Popular 80s professional wrestler Jimmy Snuka would frequently flash the ILY sign with both hands during his matches and interviews, including while standing on the top rope before delivering his finishing move "Superfly Splash".

Gene Simmons of the rock band Kiss has used the symbol in photoshoots, concerts and public appearances since 1974. He has stated in a television interviews that he was a Marvel comics fan, and was inspired by the Doctor Strange use of the symbol to use it himself in photoshoots.

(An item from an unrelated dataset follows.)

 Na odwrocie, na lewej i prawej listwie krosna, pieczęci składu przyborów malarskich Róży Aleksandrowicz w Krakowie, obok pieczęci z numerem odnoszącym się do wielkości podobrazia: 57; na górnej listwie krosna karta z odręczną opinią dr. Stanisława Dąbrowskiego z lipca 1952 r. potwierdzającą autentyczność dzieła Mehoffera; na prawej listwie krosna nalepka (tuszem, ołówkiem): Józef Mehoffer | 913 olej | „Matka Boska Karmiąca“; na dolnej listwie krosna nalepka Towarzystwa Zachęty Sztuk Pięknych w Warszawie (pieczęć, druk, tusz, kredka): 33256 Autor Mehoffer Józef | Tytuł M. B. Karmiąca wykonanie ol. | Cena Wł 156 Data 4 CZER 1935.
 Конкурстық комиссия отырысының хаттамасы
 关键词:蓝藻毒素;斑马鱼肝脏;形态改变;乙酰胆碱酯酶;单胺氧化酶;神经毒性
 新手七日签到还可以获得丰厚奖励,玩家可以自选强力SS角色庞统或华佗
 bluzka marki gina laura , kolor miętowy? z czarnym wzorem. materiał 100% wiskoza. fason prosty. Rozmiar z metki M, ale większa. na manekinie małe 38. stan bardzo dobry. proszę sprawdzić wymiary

He later (by 1976 or earlier) had black gloves made that lacked index and pinky fingers so that even his raised open hand would emulate the ILY sign.

The ending pose of the popular K-pop song "Boy with Luv" by BTS also incorporates this sign with all the members turning around and raising their right hands in this sign.

Throughout the K-pop song "Fancy", the members of the girl group Twice do this gesture when dancing.

The ILY sign is also a part of the choreography for the song "CASE 143" by Stray Kids (with "143" as a code for "I love you"). It's the title song of their EP MAXIDENT in which they are referencing love as a "maximum accident".

In 2025, Venezuelan footballer Reyes Barrios was arrested by ICE and deported to the Salvadoran Terrorism Confinement Center (CECOT) after DHS declared him to be a member of the gang Tren de Aragua. In filings, it came out that this classification was due to him having made the ILY sign in a social media post (which they declare to be a gang sign), as well as having a Real Madrid tattoo.